I mean, who doesn’t like Jane Austen? Ok, not everyone likes Jane Austen but she sure beats Charles Dickens, come on. And who doesn’t like the movie of Sense and Sensibility with Emma Thompson and Kate Winslet? You know you watch that on a rainy Sunday every so often.
I was super impressed when we arrived at the theatre by all of the Jane Austen fan club folks in attendance. I mean, there were outfits and hats and impromptu dancing. It was really very cute.
The production itself maybe didn’t live up to its full potential.
It was three hours long, ok. That is a long time. And you felt every minute of it.
The actress playing Marianne was clearly a very accomplished theatrical actor and her performance sparkled. She projected and delivered her lines confidently. Other members of the cast seemed challenged by the British accent which impacted their delivery.
The “colorblind” casting was an…interesting choice. I probably could have gone along with it, you know suspension of disbelief and all, but what I can only call “age-blind” casting made it difficult. When Margaret appears to be the same age as Marianne and Elinor (whether or not the Dashwood sisters are of three different ethnicities) and Colonel Brandon seems to be the same age as Edward Farris, it gets confusing and for me the plot sort-of fell apart.

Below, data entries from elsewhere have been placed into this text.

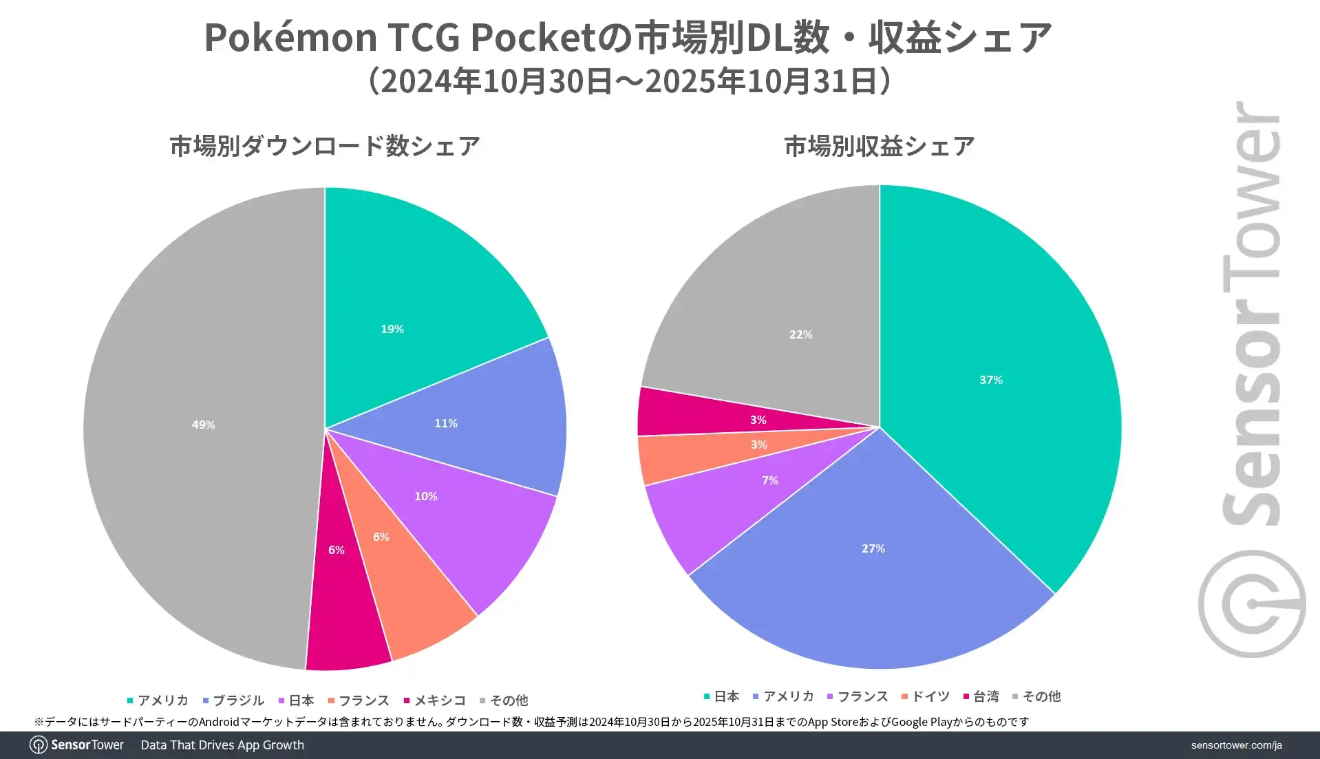 根据 Sensor Tower 数据显示,《Pokemon Trading Card Game Pocket(宝可梦集换式卡牌游戏口袋版)》上市一年的时间里在全球已累积超过 9,000 万次下载,营收也创下超过 12 亿美金的纪录。 Sensor Tower 的数据也反应出,日本是营收最高的市场、维持著高 RPD,游戏在日本也获得了来自各世代玩家的支持。
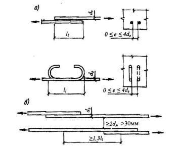 где lо,ап - базовая длина анкеровки, определяемая по формуле (5.1); As,cal, As,ef - см.п.5.33; a - коэффициент, учитывающий влияние напряженного состояния арматуры, конструктивного решения элемента в зоне соединения стержней, количества стыкуемой арматуры в одном сечении по отношению к общему количеству арматуры в этом сечении, расстояния между стыкуемыми стержнями. При соединении арматуры периодического профиля с прямыми концами, а также падких стержней с крюками или петлями без дополнительных анкерующих устройств коэффициент а для растянутой арматуры принимают равным 1,2, а для сжатой арматуры - 0,9. При этом должны быть соблюдены следующие условия: - относительное количество стыкуемой в одном расчетном сечении элемента рабочей растянутой арматуры периодического профиля должно быть не более 50%, гладкой арматуры (с крюками или петлями) - не более 25%; - усилие, воспринимаемое всей поперечной арматурой, поставленной в пределах стыка, должно быть не менее половины усилия, воспринимаемого стыкуемой в одном расчетном сечении элемента растянутой рабочей арматурой; - расстояние между стыкуемыми рабочими стержнями арматуры не должно превышать 4ds (черт.5.6,а); - расстояние между соседними стыками внахлестку (по ширине железобетонного элемента) должно быть не менее 2ds и не менее 30 мм (черт.5.6,б).
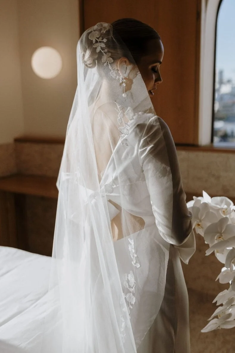 THE DRESS “My wedding dress was from Grace Loves Lace. I knew I wanted a simple and elegant gown with long sleeves, which had some unique elements to the design. I loved the off-the-shoulder vibe. It was just by chance that I was on the Gold Coast and had seen that Grace Loves Lace just released a new range of dresses, including Anu – a beautiful silk, long-sleeved gown with an open back. I went to the Burleigh Heads Boutique to try it on and bought it immediately. I was IN LOVE! I had such a lovely experience, Grace Loves Lace were so thoughtful and accommodating.”
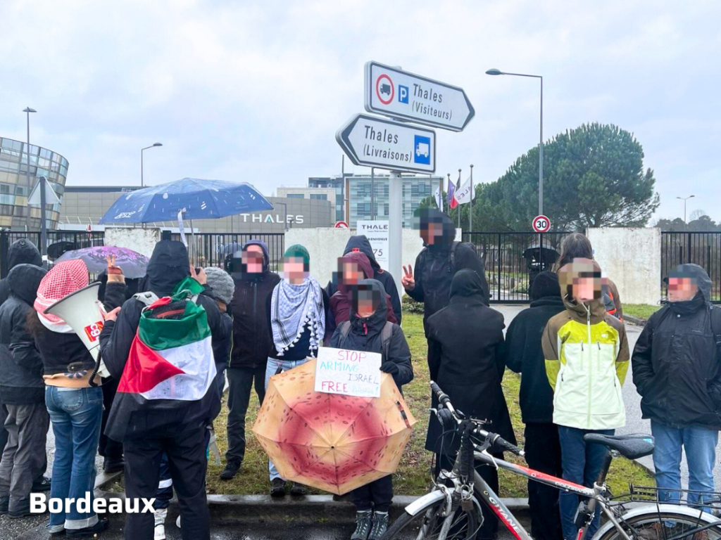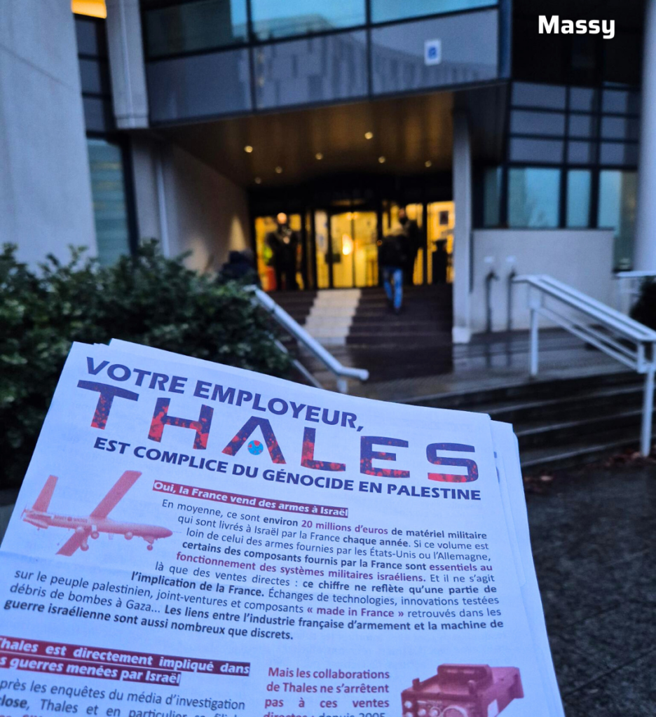 Thales est de loin celle qui a reçu le plus d’attention, avec des tractages, rassemblements et collages à Toulouse, Vendôme, Lyon, Bordeaux, Pont-Audemer, Massy, Élancourt, Gennevilliers, et Rungis.
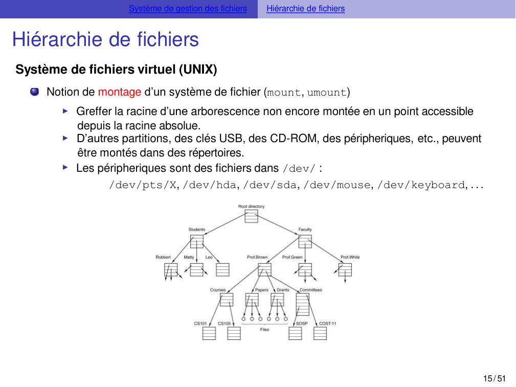 Page 16 : Système de gestion des fichiersHiérarchie de fichiersHiérarchie de fichiersSystème de fichiers virtuel UNIXNotion de montage d’un système de fichier mount, umount▶Greffer la racine d’une arborescence non encore montée en un point accessible depuis la racine absolue.▶D’autres partitions, des clés USB, des CD-ROM, des péripheriques, etc., peuventêtre montés dans des répertoires.▶Les péripheriques sont des fichiers dans /dev/ :/dev/pts/X, /dev/hda, /dev/sda, /dev/mouse, /dev/keyboard, . . .15/ 51

Also, many of the actors played multiple roles, which again is the sort of thing that I would try to go along with (suspension of disbelief) except that I really couldn’t tell the difference between John Dashwood, Mr. Jennings, and the Doctor. I still don’t know who the not Colonel Brandon guy in the ball scene was.
At any rate, whatever the production was lacking was made up for by the conversation during the car ride home. I’ve already mentioned that this is one of my favorite things during ballet season. Having that time together to be critical and appreciative and constructive and silly made my evening.
We dissected the acting, the direction, the set, and the costumes. Why make this choice and then not take the logical next step? If you wanted to play it straight, then why not go super traditional with the sets and the costumes? How interesting would it be if the story was set in another time/place? When/where would you put it? For some reason, the mid-twentieth century Southern U.S. comes to my mind. Would you change the script? Cut scenes? Wouldn’t a re-write of the story be interesting? Like getting West Side Story out of Romeo and Juliet.